18:36karolherbst: %r16 should get replaced by a phi value, but isn't
18:38imirkin: when are you printing that out?
18:39imirkin: is this pre-opt/pre-ssa or post-opt?
18:39karolherbst: pre ssa
18:39karolherbst: the first print for DEBUG=3
18:39imirkin: so then that's fine...
18:39imirkin: pre-ssa means ... pre-ssa
18:39imirkin: aka no phi nodes
18:39karolherbst: but while converting to ssa, the phi node doesn't get inserted
18:41imirkin: is eq %r16 a thing btw?
18:42imirkin: don't you have to make it into a FILE_PREDICATE?
18:43karolherbst: it is
18:43karolherbst: it gets converted into a predicate later
18:43karolherbst: from_tgsi does the same
18:43karolherbst: eq %r1 bra BB:9 (0) in the TGSI version
18:44karolherbst: it compares against 0 aka false
18:54karolherbst: trying to visualize the flow: https://gist.githubusercontent.com/karolherbst/c4a7c59d85258ef35a492e3e0ab0466f/raw/8aaa025f6bf6ce36673a717fd6e9012019079dfe/gistfile1.txt
18:55karolherbst: nir gives me empty else branches, so that's why there are a few more BBs in the nir version
18:58imirkin: so you have to be a little careful with edge types
18:58imirkin: the way tgsi generates them isn't exactly to spec
18:58imirkin: which is unfortunate
18:58imirkin: but i've been too chicken to change it to be "correct"
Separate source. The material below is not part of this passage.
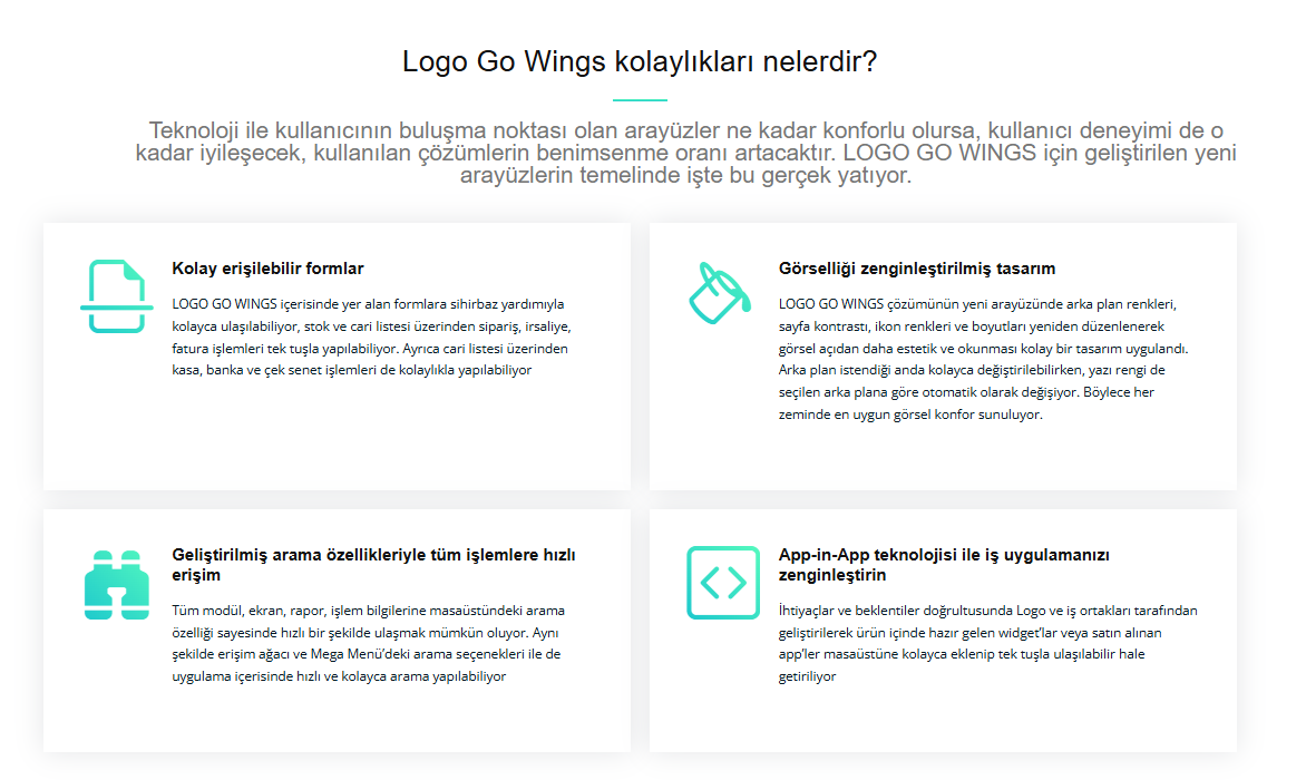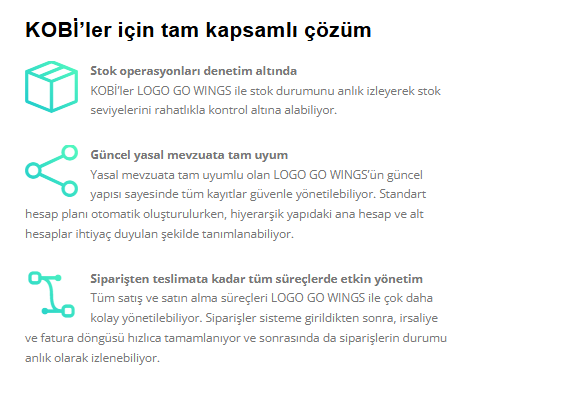 Logo’nun web üzerinden kullanılabilen çözümü ile dijital dönüşümdeki yerinizi alın! Küçük ve orta ölçekli işletmelerin süreçlerini etkili bir şekilde yönetebilmeleri ve rekabet avantajı sağlamaları için muhasebe çözümlerinden fazlası gerekiyor. Web üzerinden kullanılan Logo GO Wings, tüm iş süreçlerini tek noktadan zaman ve mekandan bağımsız uçtan uca yönetmeyi sağlayarak KOBİ’lere destek oluyor. Logo GO Wings kullanıcı dostu arayüzü ile istenen bilgilere kolayca ulaşmayı sağlarken zaman tasarrufu ve verimlilik artışı kazandırıyor.
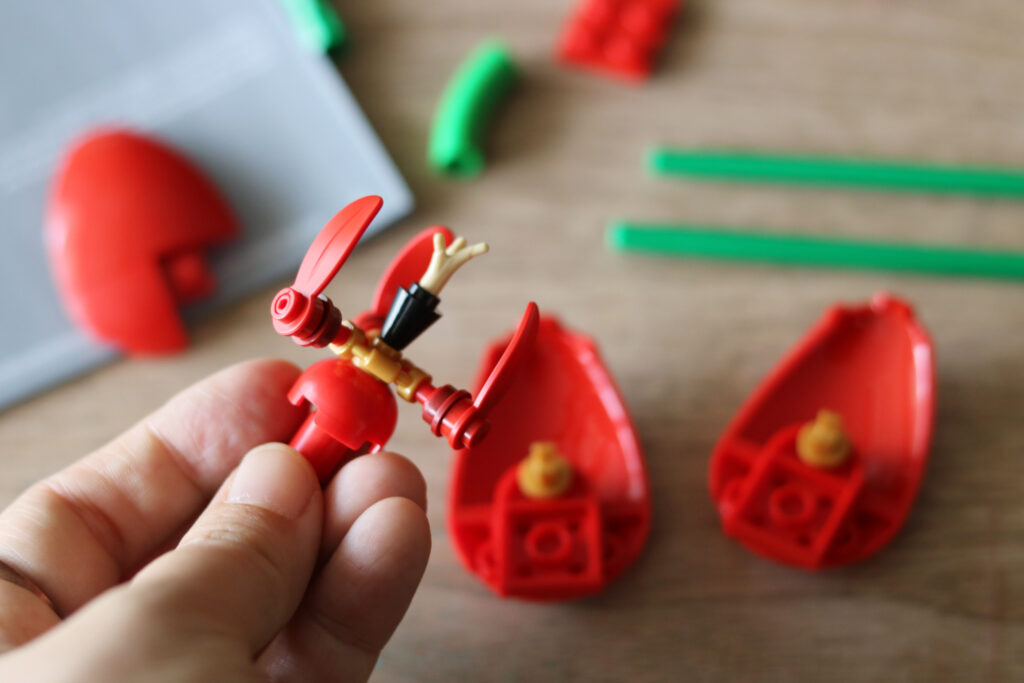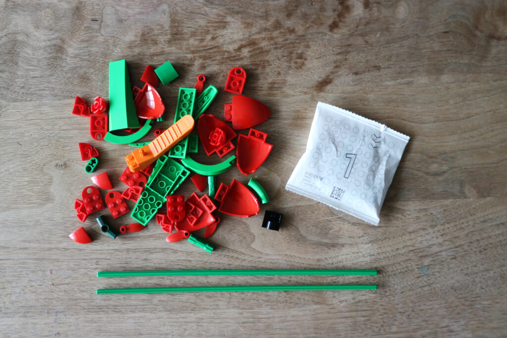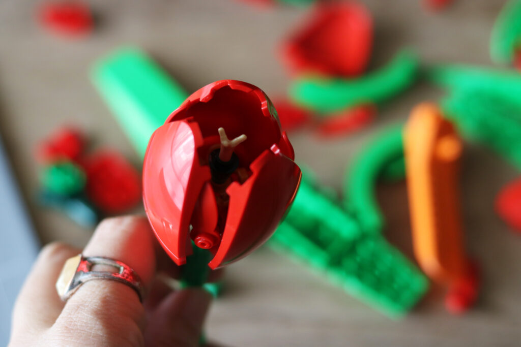お花のパーツは細かい部分まで一つ一つ丁寧に作られていて、めしべのパーツがあったり、花びらも大きいのと小さいのがあったり。子供がいつも遊んでいる真四角のレゴ®️ブロックとは違う有機的なパーツが多くて「何これすごい!」と終始感動しながら制作を進めました。

18:59karolherbst: I noticed
18:59karolherbst: I tried to be more like spec, but everything broke
18:59karolherbst: so now I try to be like tgsi
19:00karolherbst: I think I should take a deeper look on what TGSI does when there is a else branch
19:00karolherbst: maybe something gets fixed up or produces different edges or something...
19:02karolherbst: anyway, the write in BB:0 isn't "detected" lets say
19:02karolherbst: and I don't see why it wouldn't
19:03karolherbst: maybe BB:2 -> BB:6 already needs to be a forward edge? would be strange though
19:04dupondje: whats a quick & easy tool to check performance of nouveau vs nvidia driver?
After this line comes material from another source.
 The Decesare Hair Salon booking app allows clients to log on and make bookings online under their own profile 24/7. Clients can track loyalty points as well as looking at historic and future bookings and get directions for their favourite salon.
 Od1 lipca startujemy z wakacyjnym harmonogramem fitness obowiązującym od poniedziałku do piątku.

19:04dupondje: want to see what difference there is on mt laptop :)
19:04karolherbst: run something with nouveau and then run it with nvidia ;)
19:04karolherbst: there is no tool for it
19:05dupondje: I have no games :)
19:05karolherbst: well do you need performance then?
19:05karolherbst: or are you just interested in general?
19:07dupondje: yea indeed, general performance :)
19:10dupondje: ./GpuTest /test=fur /width=800 /height=600 /benchmark
19:10dupondje: found this :D
19:11dupondje: 22 FPS for my integrated card (Intel)
19:11dupondje: 10 FPS for nouveau
19:11dupondje: ah well :)
19:14imirkin: dupondje: which GPU?
19:14imirkin: did you clock it up?
19:14imirkin: by default it'll be super-slow
19:15imirkin: echo 0f > /sys/kernel/debug/dri/1/pstate
19:15dupondje: I didnt touch anything :)
19:17dupondje: what clock does it run by default?
19:19imirkin: whatever it boots to
19:19imirkin: either the lowest or second-lowest perf level
19:24karolherbst: on maxwell it is usually the lowest
19:24karolherbst: with furmark we are pretty close to nvidia
19:24karolherbst: dupondje: try pixmark_piano
19:24dupondje: that killed my laptop :P
19:24karolherbst: it didn't
19:24karolherbst: it just got slow ;)
19:24karolherbst: very much so
19:25dupondje: [104055.799716] watchdog: BUG: soft lockup - CPU#7 stuck for 22s! [kworker/7:0:10152]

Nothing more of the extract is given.